Relish aux canneberges et aux cafards.

Le repas du soir consistait en brochettes de sauterelles, en orzo avec des grillons âgés de cinq semaines, en pommes de terre écrasées avec des super vers, en haricots verts en betteraves rôties et en chapulines (petites sauterelles trouvées au Mexique) et en plat le plus difficile de la soirée, le cafard et saveur de canneberges.

Je n'ai pas particulièrement apprécié le goût. Visuellement, c'était délicat. Une substance rose pepto-bismol ayant la viscosité de l'houmous était surmontée de quelque 18 cafards Dubia, leurs exosquelettes bruns à rayures contrastant de manière alarmante avec le pastel de la relish. Les saveurs se sont affrontées aussi. Les entrailles d'une blatte - ou du moins de la blatte de Dubia, une espèce endémique d'Amérique centrale et méridionale - ont le goût du fromage bleu. Et bien que le fromage bleu et la canneberge puissent aller de pair, la saveur particulière de la blatte ne complétait pas le goût acidulé de la canneberge.
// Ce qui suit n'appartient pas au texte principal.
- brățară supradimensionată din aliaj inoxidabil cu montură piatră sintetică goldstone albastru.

C'est un plat que je ne serais pas pressé d'essayer à nouveau. Mais c'était encore mieux que le céleri cru.

Une partie du défi de la commercialisation des insectes comestibles est la terminologie. Le «goût de cafard et de canneberges» n’a pas vraiment l’attrait raffiné d’une côte de boeuf ou même d’un steak tartare. Jusqu'ici, il y a peu de termes euphémistes pour les insectes, mais Yoon et Gordon espèrent tous les deux que de tels propos viendront. Les gens préféreraient de loin manger du bar chilien à la légine antarctique, fait remarquer Gordon. Ils sont le même animal.

Orzo aux grillons.

Aucun Thanksgiving n'est complet sans une série de desserts. Au lieu de la tarte à la citrouille, Bugsgiving a servi des guimauves vermifuges au mezcal et à l'orange, de la crème glacée au grillon et aux baies de grillons et des figues au gorgonzola, au miel et aux guêpes. Le gorgonzola faisait écho aux cafards du parcours précédent, ce qui était un peu regrettable, mais les guimauves salées et le piment granola en croûte poudreuse se sont avérés plus efficaces..
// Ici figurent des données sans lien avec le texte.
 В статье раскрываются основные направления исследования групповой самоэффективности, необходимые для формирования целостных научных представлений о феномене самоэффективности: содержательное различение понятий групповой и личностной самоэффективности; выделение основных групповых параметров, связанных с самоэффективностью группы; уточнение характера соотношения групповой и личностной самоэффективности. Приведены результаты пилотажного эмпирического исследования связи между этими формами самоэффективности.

En résumé, c’était un repas qui élargissait l’esprit et auquel je devais continuer à penser pendant environ une semaine avant de prendre une décision plus définitive. Mais je mangerais encore des insectes. En fait, le lendemain matin, j'avais une barre de protéines de cricket au chocolat.

Et maintenant, cher lecteur, une dernière information pour vous. Si vous mangez des figues, alors vous avez mangé des insectes. Les figues sont pollinisées par les guêpes aux figues, qui pondent leurs œufs à l'intérieur du fruit. Ensuite, les œufs éclosent. Les jeunes guêpes sortent et trouvent d’autres figues dans lesquelles se terrer, mais la mère reste. Et meurt. Dans la figue tu manges. Vous êtes probablement déjà un mangeur d'insectes. Pourquoi ne pas explorer une gamme plus large de bugs comestibles?